Part 041 — HPA Operations

Horizontal Pod Autoscaler is not a magic reliability feature.

It is a feedback controller that changes replica count based on observed metrics. That means it has all the risks of any feedback loop:

  • delayed signal;
  • noisy signal;
  • wrong metric;
  • missing metric;
  • unstable control policy;
  • insufficient cluster capacity;
  • dependency bottleneck outside Kubernetes;
  • scaling that improves one symptom while worsening another.

For backend engineers, the main question is not:

Do we have HPA?

The better question is:

Does HPA scale the correct workload using a signal that represents real pressure,
without overloading downstream dependencies or creating instability?

1. What HPA Does

HPA watches a target workload and adjusts spec.replicas.

Typical targets:

  • Deployment;
  • StatefulSet, less common and riskier;
  • custom scalable resource;
  • consumer deployment;
  • API service deployment.

Typical signals:

  • CPU utilization;
  • memory utilization;
  • pod-level custom metrics;
  • object metrics;
  • external metrics;
  • request rate;
  • queue depth;
  • consumer lag;
  • business workload backlog.

HPA does not create nodes by itself. It only asks for more pods.

If there is no node capacity, new pods remain Pending. Cluster Autoscaler, Karpenter, or AKS node pool autoscaling may then provision nodes if configured correctly.

HPA scales pods.
Cluster autoscaling scales nodes.
Dependency teams scale databases, brokers, caches, and external systems.

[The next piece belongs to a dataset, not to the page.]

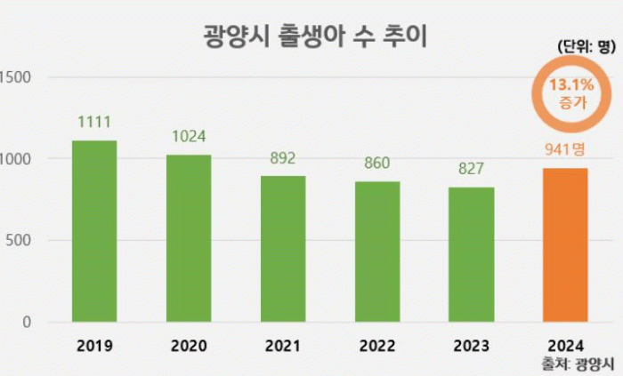 이러한 상황에서 2024년 광양시의 출생아 수는 941명으로 2023년 대비 109명(13.1%)이 증가했고, 출생아 수의 선행지표가 되는 혼인 건수 또한 2024년 880쌍으로 전년 대비 25.9%가 증가했다.

2. HPA Control Loop Mental Model

flowchart TD A[Workload receives traffic or work] --> B[Resource or custom metric changes] B --> C[Metrics pipeline] C --> D[HPA controller reads metric] D --> E[HPA calculates desired replicas] E --> F{Within min/max replica?} F -->|No| G[Clamp to minReplica or maxReplica] F -->|Yes| H[Use calculated replica count] G --> I[Update workload spec.replicas] H --> I I --> J[Deployment creates or removes pods] J --> K[Scheduler places pods] K --> L{Node capacity available?} L -->|No| M[Pods Pending] L -->|Yes| N[Pods start] N --> O[Readiness passes] O --> P[Traffic or work is redistributed] P --> Q[New metric level] Q --> D

Operationally, this loop has latency.

Every step has delay:

  • metric collection delay;
  • metrics adapter delay;
  • HPA sync period;
  • pod scheduling delay;
  • image pull delay;
  • JVM startup delay;
  • readiness delay;
  • warm-up delay;
  • load balancer or consumer rebalance delay;
  • node provisioning delay.

For Java/JAX-RS services, startup and warm-up time matter. A service that takes 90 seconds to become ready cannot rescue a latency spike that saturates in 10 seconds.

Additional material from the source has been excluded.